Below are the records; extract from them the line containing "Mein Freund stellte" to the line containing "Комплект струйных картриджей", both lines included, exactly and with no pictures.

- DATA:
======
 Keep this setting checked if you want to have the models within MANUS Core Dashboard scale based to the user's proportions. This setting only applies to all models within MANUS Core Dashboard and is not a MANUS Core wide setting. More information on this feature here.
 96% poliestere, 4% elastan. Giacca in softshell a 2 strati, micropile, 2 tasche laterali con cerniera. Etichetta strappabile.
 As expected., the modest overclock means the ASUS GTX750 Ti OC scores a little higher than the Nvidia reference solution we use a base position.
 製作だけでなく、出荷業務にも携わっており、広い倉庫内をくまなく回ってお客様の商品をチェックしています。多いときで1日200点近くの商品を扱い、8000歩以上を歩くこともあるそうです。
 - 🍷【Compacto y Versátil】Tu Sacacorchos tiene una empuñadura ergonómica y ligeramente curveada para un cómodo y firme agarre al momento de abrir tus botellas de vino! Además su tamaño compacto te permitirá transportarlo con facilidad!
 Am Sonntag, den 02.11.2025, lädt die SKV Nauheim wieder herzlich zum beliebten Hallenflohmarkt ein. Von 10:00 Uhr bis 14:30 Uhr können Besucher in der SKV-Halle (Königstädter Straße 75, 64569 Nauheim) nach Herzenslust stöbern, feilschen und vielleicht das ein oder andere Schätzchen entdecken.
======
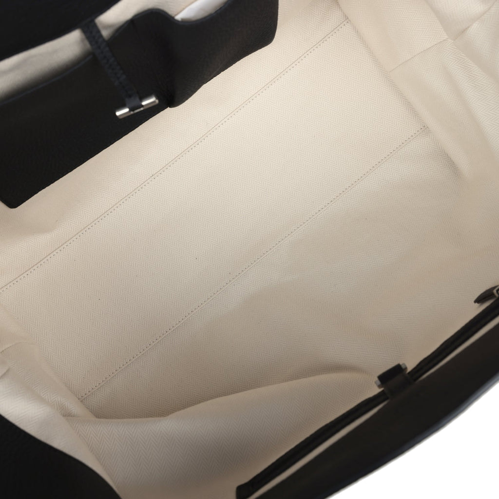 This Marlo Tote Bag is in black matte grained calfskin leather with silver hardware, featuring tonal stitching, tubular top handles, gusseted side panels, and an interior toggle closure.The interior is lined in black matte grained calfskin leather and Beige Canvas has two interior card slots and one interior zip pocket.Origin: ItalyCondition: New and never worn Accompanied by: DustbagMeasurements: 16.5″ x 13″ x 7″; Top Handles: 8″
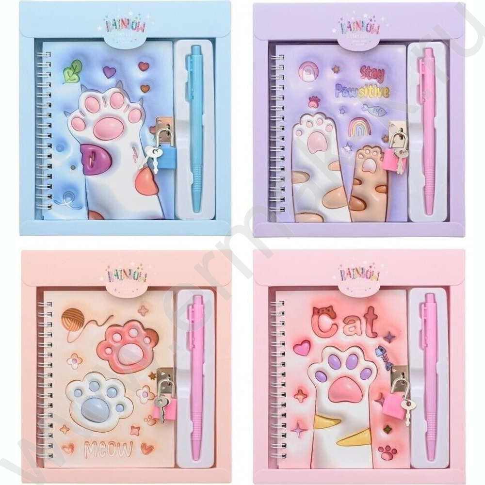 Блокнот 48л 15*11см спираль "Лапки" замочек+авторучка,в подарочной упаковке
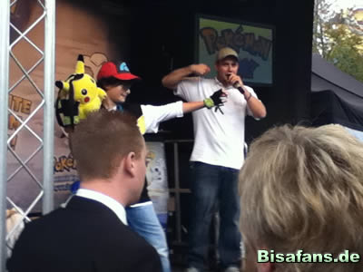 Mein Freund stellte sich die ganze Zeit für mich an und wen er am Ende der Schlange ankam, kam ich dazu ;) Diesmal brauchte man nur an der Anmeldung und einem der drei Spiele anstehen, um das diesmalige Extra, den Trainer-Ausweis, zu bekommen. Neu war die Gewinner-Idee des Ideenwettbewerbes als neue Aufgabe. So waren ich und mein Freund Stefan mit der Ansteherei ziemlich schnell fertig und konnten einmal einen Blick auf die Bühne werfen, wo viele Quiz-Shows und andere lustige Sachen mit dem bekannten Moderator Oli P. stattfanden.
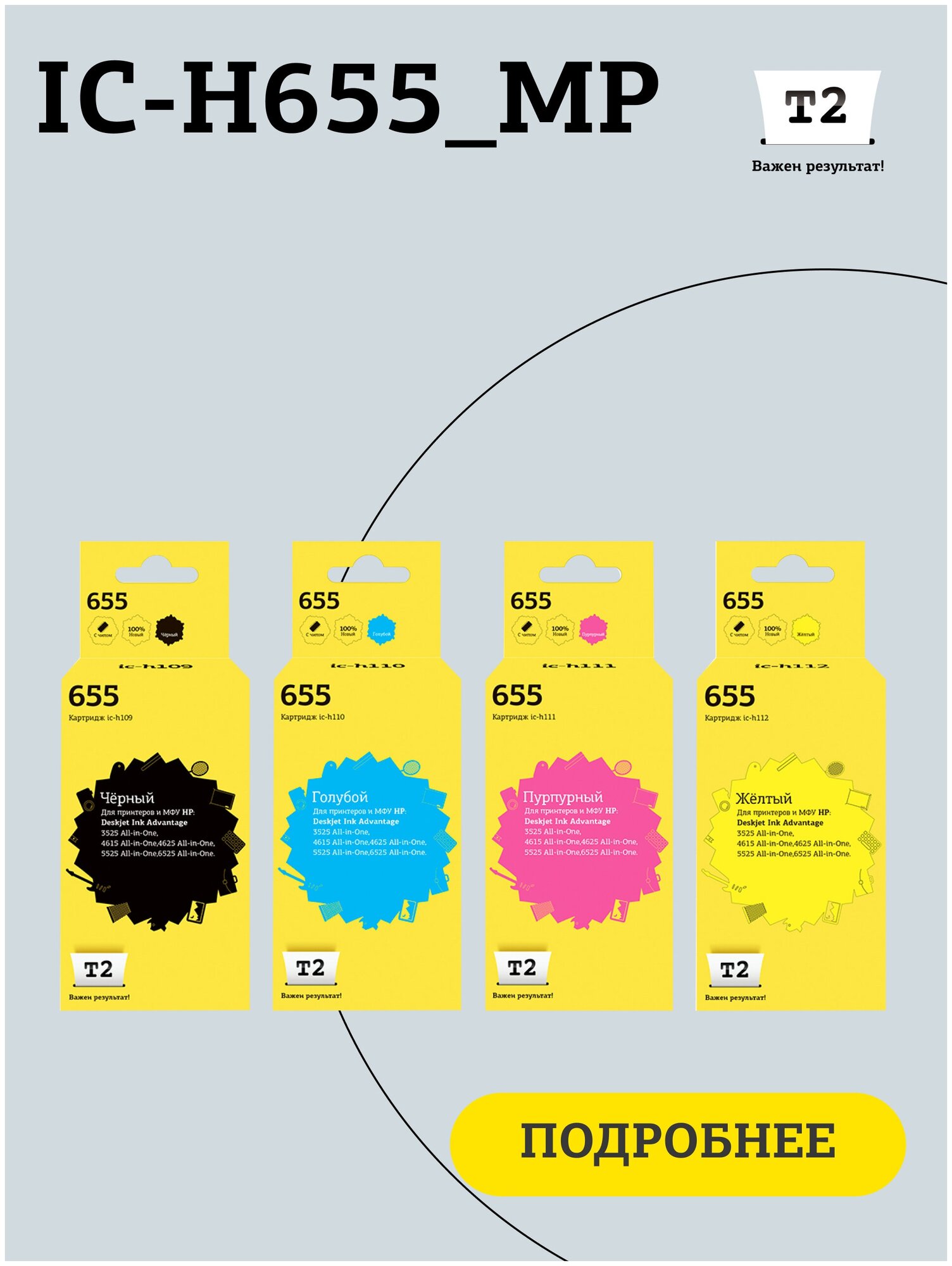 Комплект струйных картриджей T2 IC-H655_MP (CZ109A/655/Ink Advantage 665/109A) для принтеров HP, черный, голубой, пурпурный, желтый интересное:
======
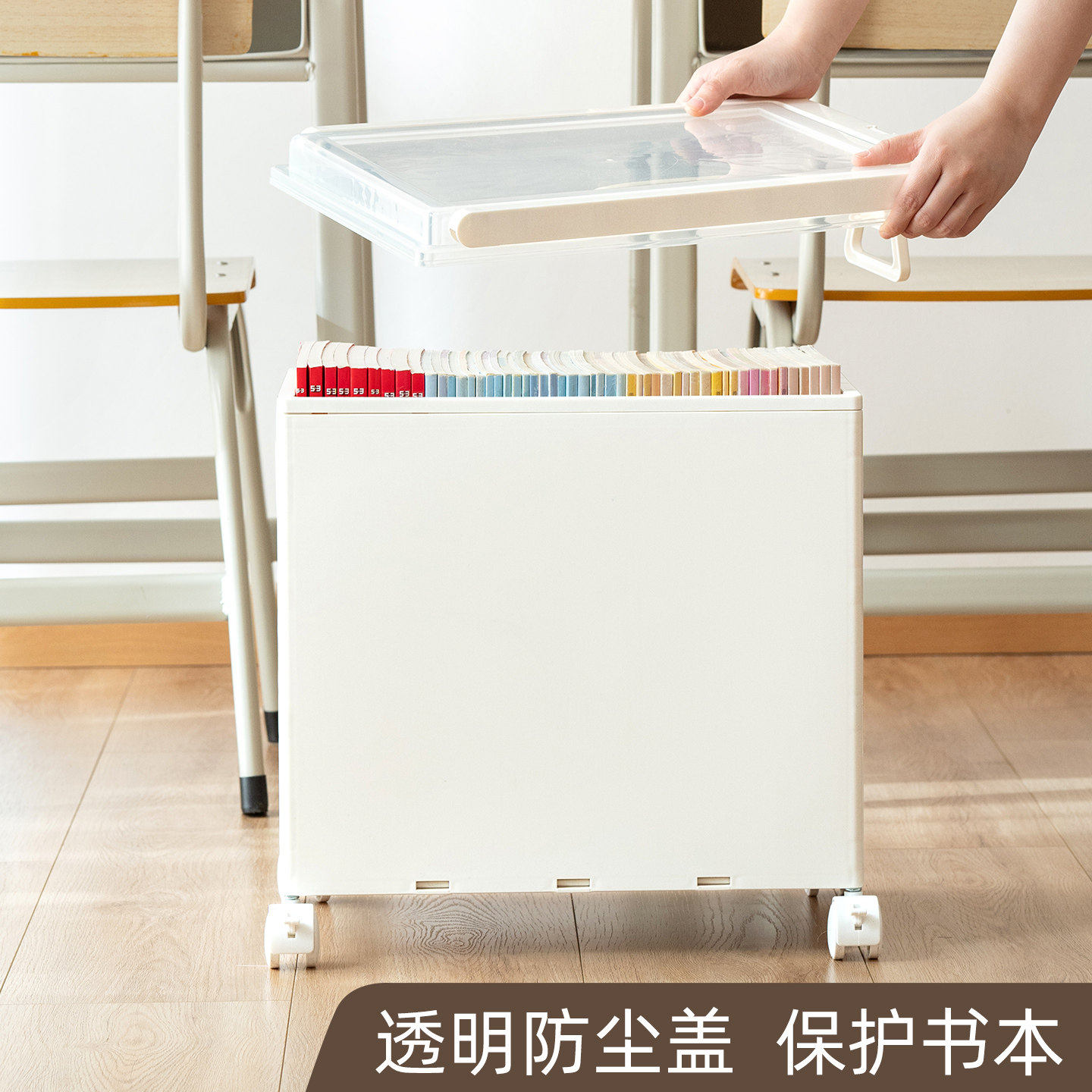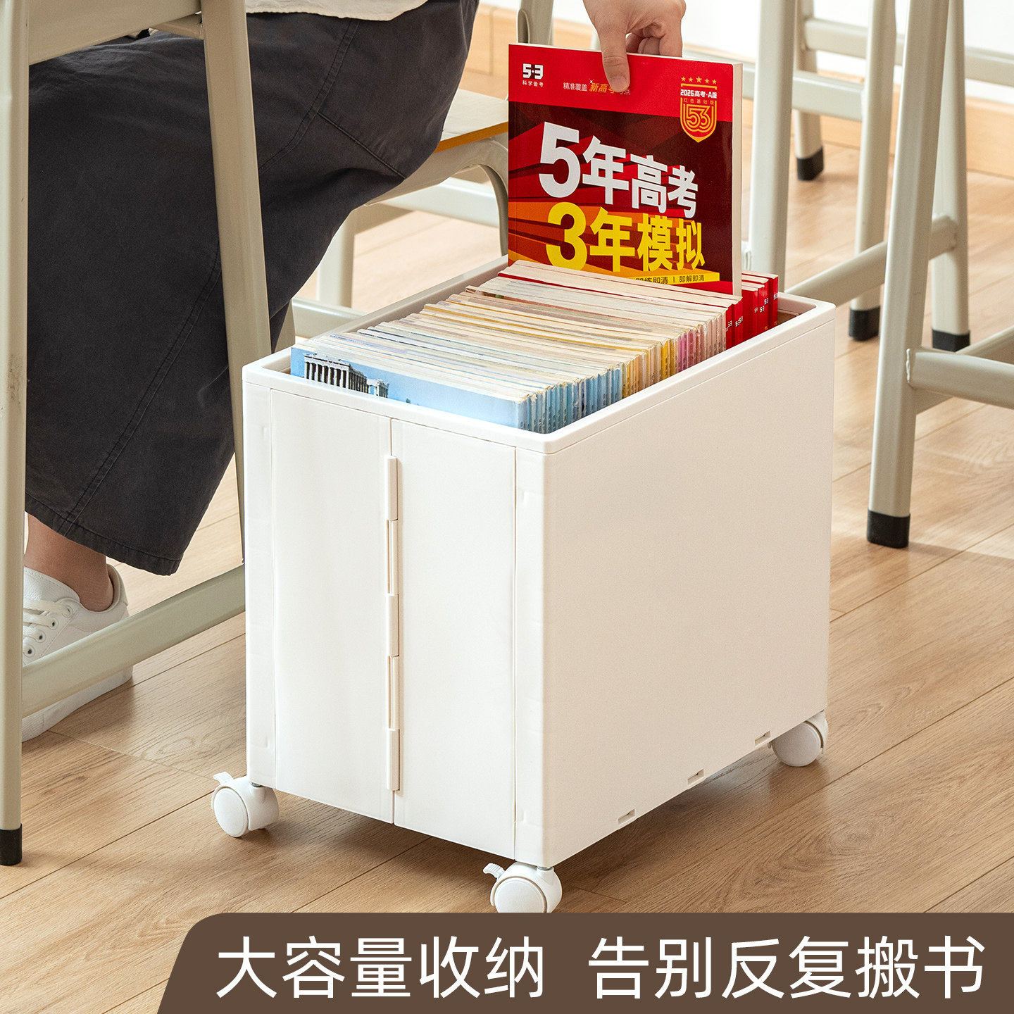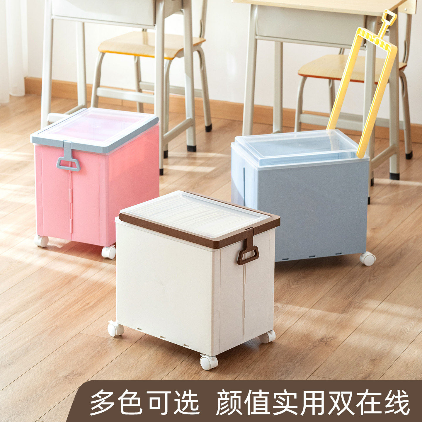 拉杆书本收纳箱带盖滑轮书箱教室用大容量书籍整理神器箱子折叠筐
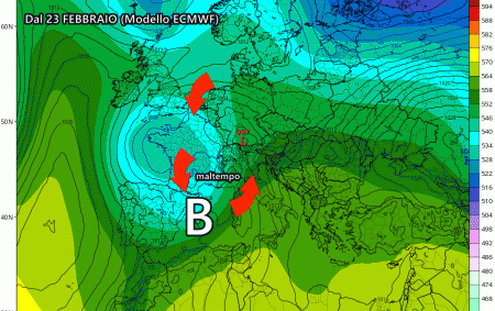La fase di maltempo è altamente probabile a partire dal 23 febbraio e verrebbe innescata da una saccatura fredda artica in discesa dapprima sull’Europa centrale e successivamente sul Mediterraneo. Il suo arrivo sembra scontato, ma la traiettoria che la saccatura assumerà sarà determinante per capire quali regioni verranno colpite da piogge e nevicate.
======
- EXERCISE RESPONSE:
 Mein Freund stellte sich die ganze Zeit für mich an und wen er am Ende der Schlange ankam, kam ich dazu ;) Diesmal brauchte man nur an der Anmeldung und einem der drei Spiele anstehen, um das diesmalige Extra, den Trainer-Ausweis, zu bekommen. Neu war die Gewinner-Idee des Ideenwettbewerbes als neue Aufgabe. So waren ich und mein Freund Stefan mit der Ansteherei ziemlich schnell fertig und konnten einmal einen Blick auf die Bühne werfen, wo viele Quiz-Shows und andere lustige Sachen mit dem bekannten Moderator Oli P. stattfanden.
 Комплект струйных картриджей T2 IC-H655_MP (CZ109A/655/Ink Advantage 665/109A) для принтеров HP, черный, голубой, пурпурный, желтый интересное:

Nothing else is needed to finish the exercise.